• [What you have to do]:
Exactly the lines from the one containing "U.S. President Donald" through the end of the records must be reproduced; leave out all pictures.

• [Supplied information]:
⟨
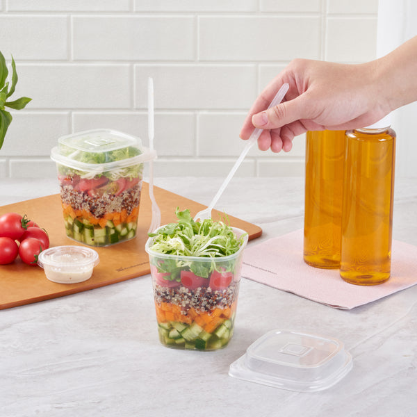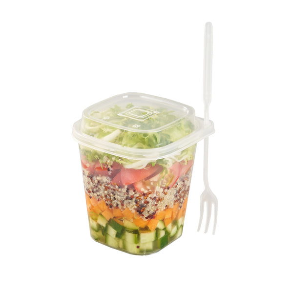 - Included fork provides convenience for customers to enjoy salads and snacks on the go
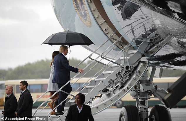 U.S. President Donald Trump and his wife Melania board Air Force One when departing from Glasgow, Scotland, on their way to Helsinki, Finland, Sunday, July 15, 2018 on the eve of his meeting with Russian President Vladimir Putin. (AP Photo/Pablo Martinez Monsivais)
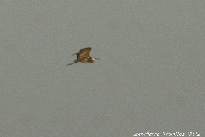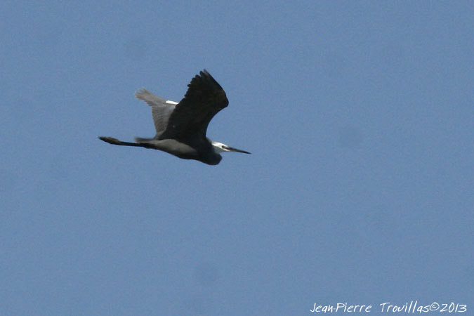 Photo : Jean-Pierre Trouillas (COGard) (visitez le site web de Jean-Pierre Trouillas) Hybride Aigrette des récifs x Aigrette garzette. Vient se poser dans le groupe d'Aigrettes garzettes, s'alimente puis s'envole vers le nord de l'étang du Charnier. Lire Identifier et chercher l'Aigrette des récifs en Europe de l'Ouest.
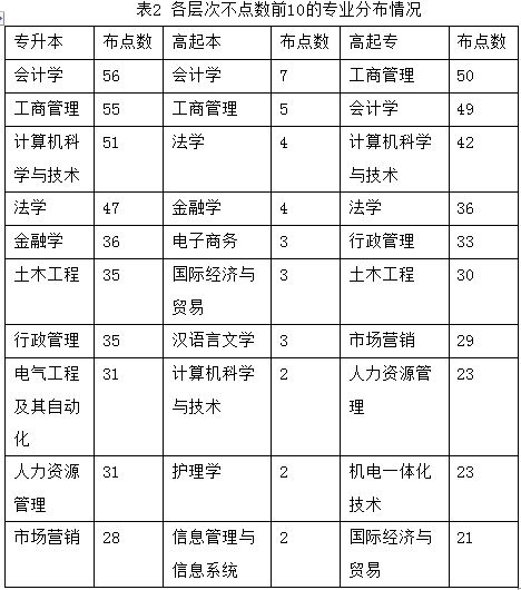 对比现代远程教育试点高校的专业布点数前10的分布情况(表2),在本科层次,除了人力资源管理、国际经济与贸易、信息管理与信息系统三个专业没有开设外,其余专业也是437437必赢国际网址招生数量较多的专业;专科层次除人力资源管理、国际经济与贸易外,其余8个专业也是437437必赢国际网址招生数量较多的专业。
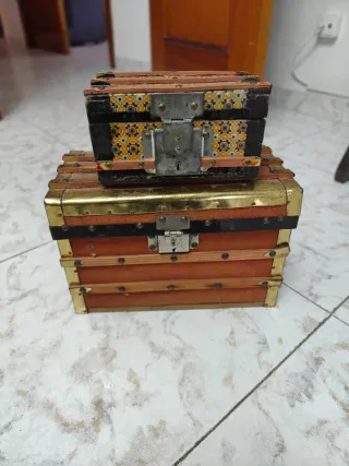 Conjunto de dos cajas de almacenaje con un diseño vintage. - Acabados en metal y madera. - Detalles en color dorado y marrón.
⟩
• [Written answer]:
 U.S. President Donald Trump and his wife Melania board Air Force One when departing from Glasgow, Scotland, on their way to Helsinki, Finland, Sunday, July 15, 2018 on the eve of his meeting with Russian President Vladimir Putin. (AP Photo/Pablo Martinez Monsivais)
 Photo : Jean-Pierre Trouillas (COGard) (visitez le site web de Jean-Pierre Trouillas) Hybride Aigrette des récifs x Aigrette garzette. Vient se poser dans le groupe d'Aigrettes garzettes, s'alimente puis s'envole vers le nord de l'étang du Charnier. Lire Identifier et chercher l'Aigrette des récifs en Europe de l'Ouest.
 对比现代远程教育试点高校的专业布点数前10的分布情况(表2),在本科层次,除了人力资源管理、国际经济与贸易、信息管理与信息系统三个专业没有开设外,其余专业也是437437必赢国际网址招生数量较多的专业;专科层次除人力资源管理、国际经济与贸易外,其余8个专业也是437437必赢国际网址招生数量较多的专业。
 Conjunto de dos cajas de almacenaje con un diseño vintage. - Acabados en metal y madera. - Detalles en color dorado y marrón.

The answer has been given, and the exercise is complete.